Average number of comments per post per hour:
[['09', 5.5777777777777775], ['13', 14.741176470588234], ['10', 13.440677966101696], ['14', 13.233644859813085], ['16', 16.796296296296298], ['23', 7.985294117647059], ['12', 9.41095890410959], ['17', 11.46], ['15', 38.5948275862069], ['21', 16.009174311926607], ['20', 21.525], ['02', 23.810344827586206], ['18', 13.20183486238532], ['03', 7.796296296296297], ['05', 10.08695652173913], ['19', 10.8], ['01', 11.383333333333333], ['22', 6.746478873239437], ['08', 10.25], ['04', 7.170212765957447], ['00', 8.127272727272727], ['06', 9.022727272727273], ['07', 7.852941176470588], ['11', 11.051724137931034]]


## Sorting and Printing Values from a List of Lists

In order to make it easier to identify the hours with the highest values, we will finish this analysis by sorting the list of lists and printing the five highest values in a format that's easier to read:

In [7]:
#Sort the hours by descending order of highest numbers of posts

swap_avg_by_hour = []

for row in avg_by_hour:
    swap_avg_by_hour.append([row[1], row[0]])
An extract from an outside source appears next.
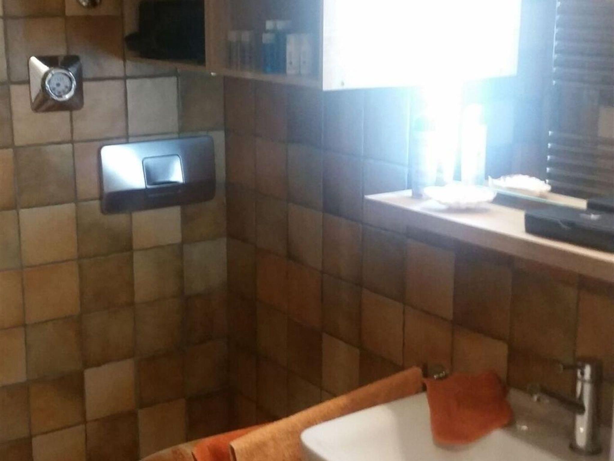 Das Bad besteht aus Dusche, Waschtisch und WC.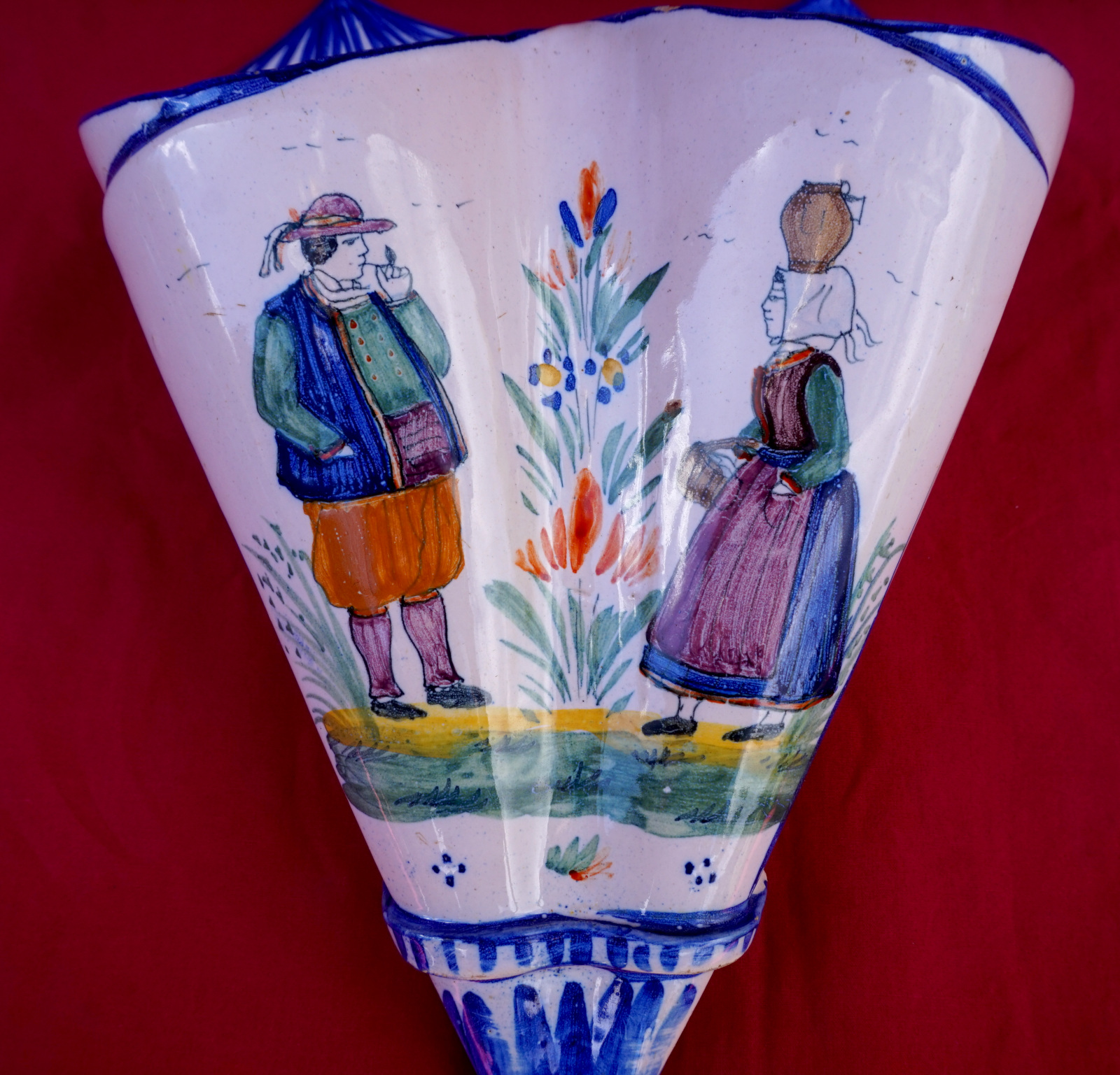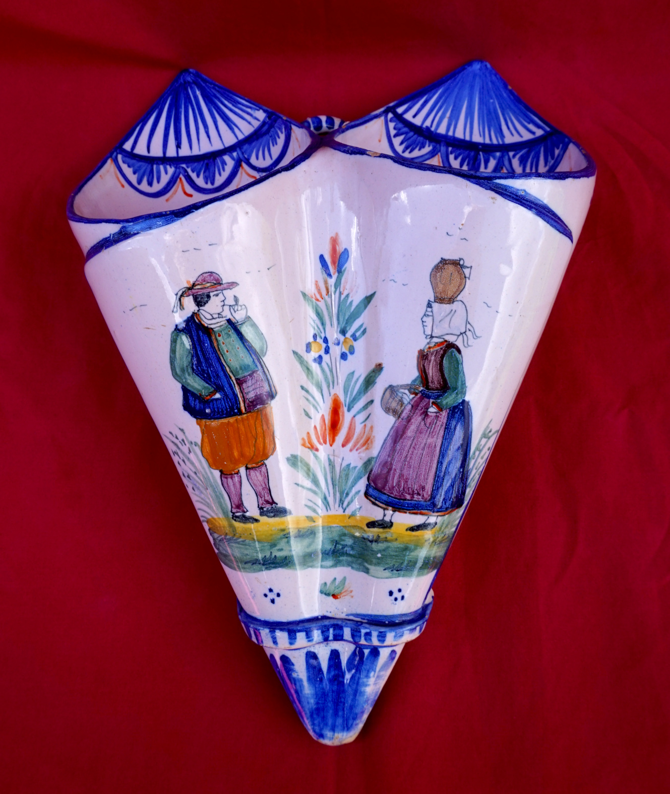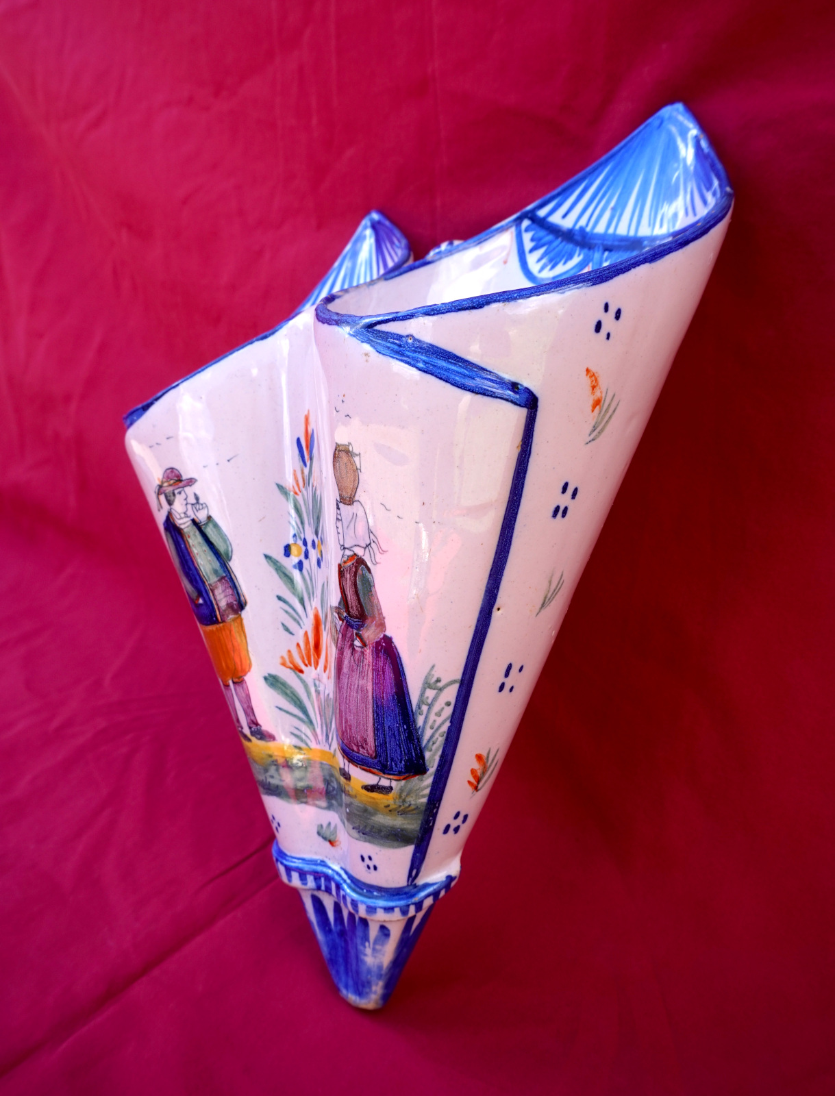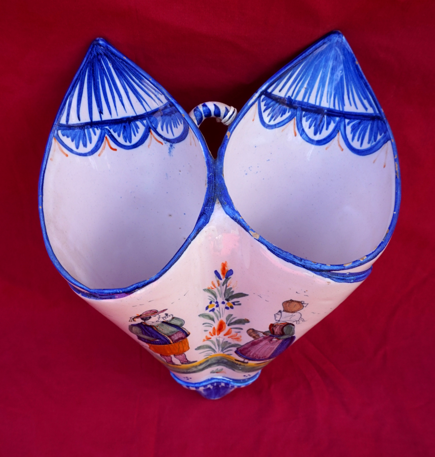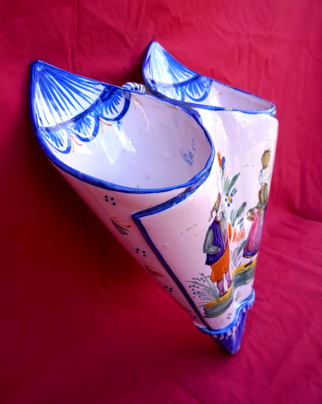 Double cornet mural en fiaence peinte à la main d'un couple de Bretons, manuifacture Henriot vers 1910. Il est signé sur son fond. Hauteur 25.5 cm, largeur 19 cm, profondeur 7.5 cm. Parfait état.

sorted_swap = sorted(swap_avg_by_hour, reverse = True)

print("Ranking of Hours for Ask Posts Comments:")

for average, hour in sorted_swap:
    print("{}: {:.2f} average comments per post".format
    (dt.datetime.strptime(hour, "%H").strftime("%H:%M"), average))
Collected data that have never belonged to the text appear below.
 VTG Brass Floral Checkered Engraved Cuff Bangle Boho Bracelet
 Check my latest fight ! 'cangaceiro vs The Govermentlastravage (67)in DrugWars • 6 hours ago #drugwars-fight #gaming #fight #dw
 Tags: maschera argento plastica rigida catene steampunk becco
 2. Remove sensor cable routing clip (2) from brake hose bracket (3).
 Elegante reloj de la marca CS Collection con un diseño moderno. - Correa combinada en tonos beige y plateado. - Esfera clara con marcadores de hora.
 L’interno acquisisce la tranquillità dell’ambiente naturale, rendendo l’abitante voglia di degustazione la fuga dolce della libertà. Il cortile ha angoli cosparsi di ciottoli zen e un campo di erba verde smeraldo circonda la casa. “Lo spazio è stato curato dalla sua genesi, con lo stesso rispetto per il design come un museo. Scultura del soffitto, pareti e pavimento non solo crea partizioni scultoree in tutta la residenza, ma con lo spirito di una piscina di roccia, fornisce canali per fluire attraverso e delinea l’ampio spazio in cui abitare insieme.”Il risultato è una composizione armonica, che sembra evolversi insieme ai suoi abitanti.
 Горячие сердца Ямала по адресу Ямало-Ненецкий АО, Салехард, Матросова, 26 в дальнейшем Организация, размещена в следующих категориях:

Ranking of Hours for Ask Posts Comments:
15:00: 38.59 average comments per post
02:00: 23.81 average comments per post
20:00: 21.52 average comments per post
16:00: 16.80 average comments per post
21:00: 16.01 average comments per post
13:00: 14.74 average comments per post
10:00: 13.44 average comments per post
14:00: 13.23 average comments per post
18:00: 13.20 average comments per post
17:00: 11.46 average comments per post
01:00: 11.38 average comments per post
11:00: 11.05 average comments per post
19:00: 10.80 average comments per post
08:00: 10.25 average comments per post
05:00: 10.09 average comments per post
12:00: 9.41 average comments per post
06:00: 9.02 average comments per post
00:00: 8.13 average comments per post
23:00: 7.99 average comments per post
07:00: 7.85 average comments per post
03:00: 7.80 average comments per post
04:00: 7.17 average comments per post
22:00: 6.75 average comments per post
09:00: 5.58 average comments per post


The hour that receives the most comments per post on average is 15:00, with an average of 38.59 comments per post, with about a 60% increase compared to the second hour in the ranking 02:00.

## Conclusion

In this project, we analyzed the posts in the website Hacker News and determined which type of post and time receive the most comments on average. Based on our analysis, which did not take into account posts without comments, to maximize the amount of comments a post receives, we'd recommend the post be categorized as ask post and be created between 15:00 and 16:00.